My question is in two parts:


*

*The authors write $p(x_k'|y_{1:n},x'_{1:k-1},x_{k+1:n})=p(x_k'|y_k,x_{k-1}',x_{k+1})$ in passing. Is this simplification always true?

*I'm having conceptual trouble with $p(x_k'|y_k,x_{k-1}',x_{k+1})$. I understand the dependence on $y_k$ and $x_{k-1}'$. But how and why should the proposal $x_k'$ depend on the future value $x_{k+1}$?
 A: I did not check the papers of Gilks and Berzuini and Doucet and Johansen but assume they are dealing with a state space (or hidden Markov) model that writes as
$$f(x_{1:n},y_{1:n})=p(x_1)p(y_1|x_1)\prod_{t=2}^n p(x_t|x_{t-1})p(y_t|x_t)$$
in which case 
$$p(x_t'|y_{1:n},x'_{1:t-1},x_{t+1:n})=p(x_t'|y_t,x_{t-1}',x_{t+1})$$
is indeed true: the primary sequence $(x_t)$ is a Markov chain and the secondary sequence $(y_t)$ is made of independent draws given the primary sequence $(x_t)$. As for the puzzling nature of$$p(x_t'|y_t,x_{t-1}',x_{t+1})$$there may be two sources of confusion: 


*

*one is a dependence on "future" values like $x_{t+1}$, but dependence and independence do not consider dynamics: if $x_{t+1}$ depends on $x_t$ then $x_{t}$ depends on $x_{t+1}$;

*another one is the apparent paradox of generating the value at time $t$ by conditioning on the next value at time $t+1$. The paradox is resolved by considering that the conditioning is on the value at time $t+1$ generated at the previous iteration, hence available.

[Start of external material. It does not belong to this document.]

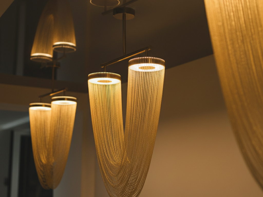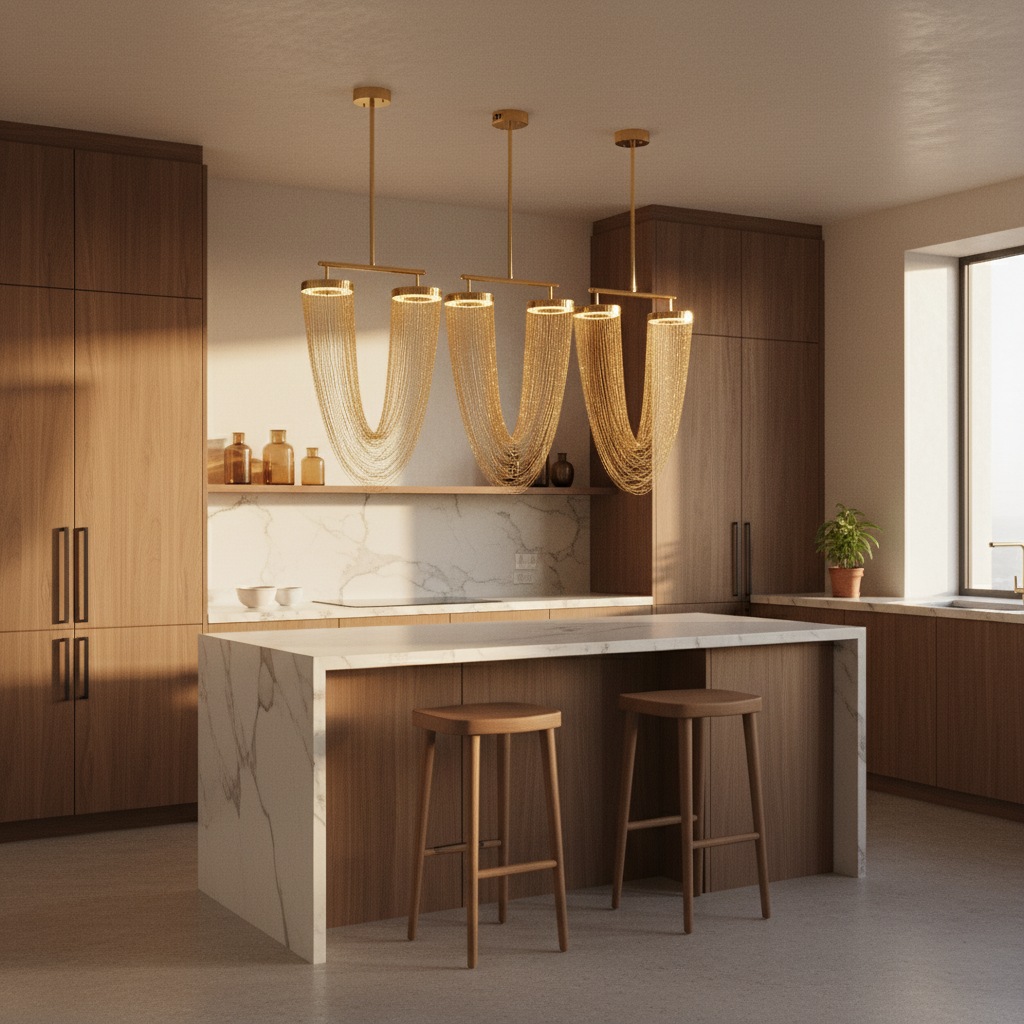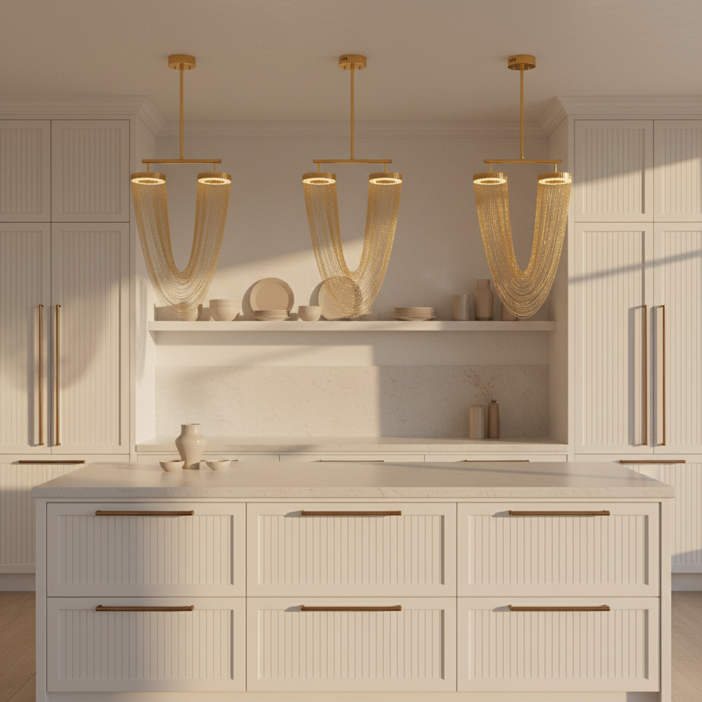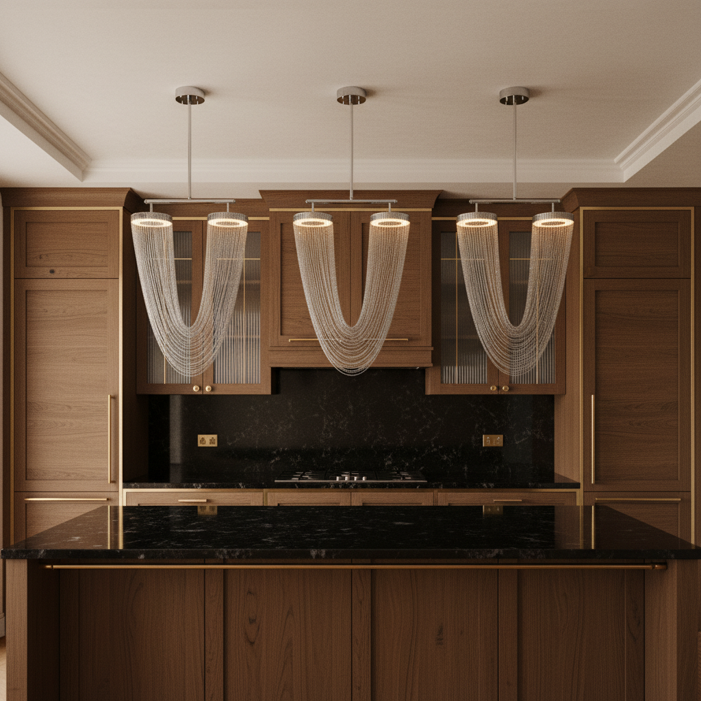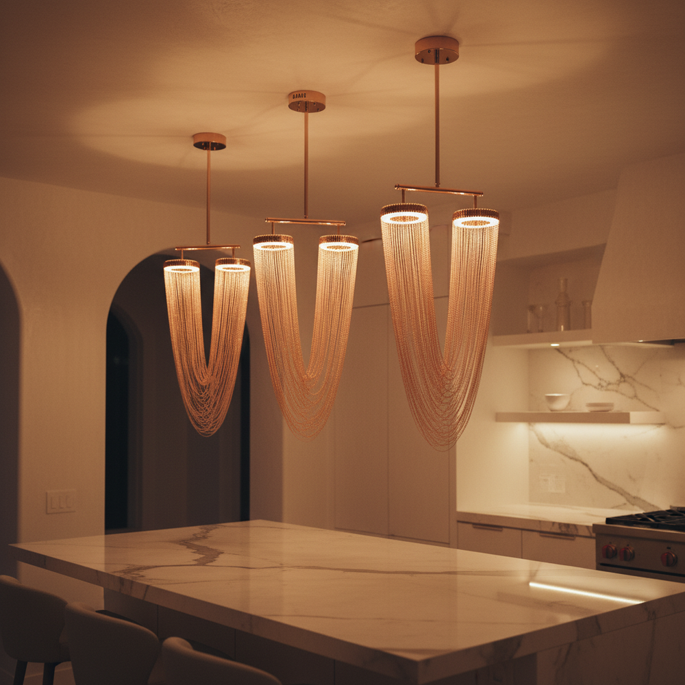 A statement chandelier defined by cascading chains and an elegant silhouette that radiates quiet sophistication.

A: I can't add much to the second part of the above answer, but FWIW here are some more details about the assumptions that are typical for state space models or hidden Markov models using the notation from one of your linked documents.
$p(x_k'|y_{1:n},x'_{1:k-1},x_{k+1:n})=p(x_k'|y_k,x_{k-1}',x_{k+1})$ when you have conditionally independent observations and Markov states:


*

*$p(y_{1:n} \mid x_{1:n}) = \prod_{t=1}^n g(y_t \mid x_t)$

*$p(x_{1:n}) = \mu(x_1) \prod_{t=2}^n f(x_t \mid x_{t-1})$.


\begin{align*}
p(x_k'|y_{1:n},x'_{1:k-1},x_{k+1:n}) &= \frac{ p(x_k', y_{1:n},x'_{1:k-1},x_{k+1:n}) }{ p(y_{1:n},x'_{1:k-1},x_{k+1:n}) } \\
&= \frac{p(y_{1:n}\mid x'_{1:k},x_{k+1:n})p(x'_{1:k},x_{k+1:n}) }{ \int p(y_{1:n}\mid x'_{1:k},x_{k+1:n)}p(x'_{1:k},x_{k+1:n}) dx_k' } \\
&= \frac{ \prod_{i=1}^k g(y_i \mid x_i')\prod_{j=k+1}^n g(y_j \mid x_j) p(x'_{1:k},x_{k+1:n}) }{ \int \prod_{i=1}^k g(y_i \mid x_i')\prod_{j=k+1}^n g(y_j \mid x_j) p(x'_{1:k},x_{k+1:n}) dx_k' } \tag{1} \\
&= \frac{ \prod_{i=1}^k g(y_i \mid x_i')\prod_{j=k+1}^n g(y_j \mid x_j) \mu(x_1')\prod_{t=2}^kf(x'_t \mid x_{t-1}') f(x_{k+1} \mid x_k') \prod_{s=k+2}^n  f(x_s \mid x_{s-1}) }{ \int \prod_{i=1}^k g(y_i \mid x_i')\prod_{j=k+1}^n g(y_j \mid x_j) \mu(x_1')\prod_{t=2}^k f(x'_t \mid x_{t-1}') f(x_{k+1} \mid x_k') \prod_{s=k+2}^n  f(x_s \mid x_{s-1})dx_k' } \tag{2} \\
&= \frac{g(y_k \mid x_k') f(x_{k}'\mid x_{k-1}')f(x_{k+1}\mid x_k') }{ \int g(y_k \mid x_k') f(x_{k}'\mid x_{k-1}')f(x_{k+1}\mid x_k') dx_k' } \tag{cancellations} \\
&= \frac{p(y_k, x_{k+1},x_k'\mid x_{k-1}')}{p(y_k, x_{k+1}\mid x_{k-1}') } \\
&= p(x_k'\mid y_k,x_{k-1}' x_{k+1}).
\end{align*}
It's less messy if you just say
\begin{align*}
p(x_k'|y_{1:n},x'_{1:k-1},x_{k+1:n}) &\propto p(y_{1:n},x'_{1:k},x_{k+1:n})
\end{align*}
plug in (1) and (2), mind the apostrophe/tick marks, and drop everything that doesn't have an $x_k'$ in it.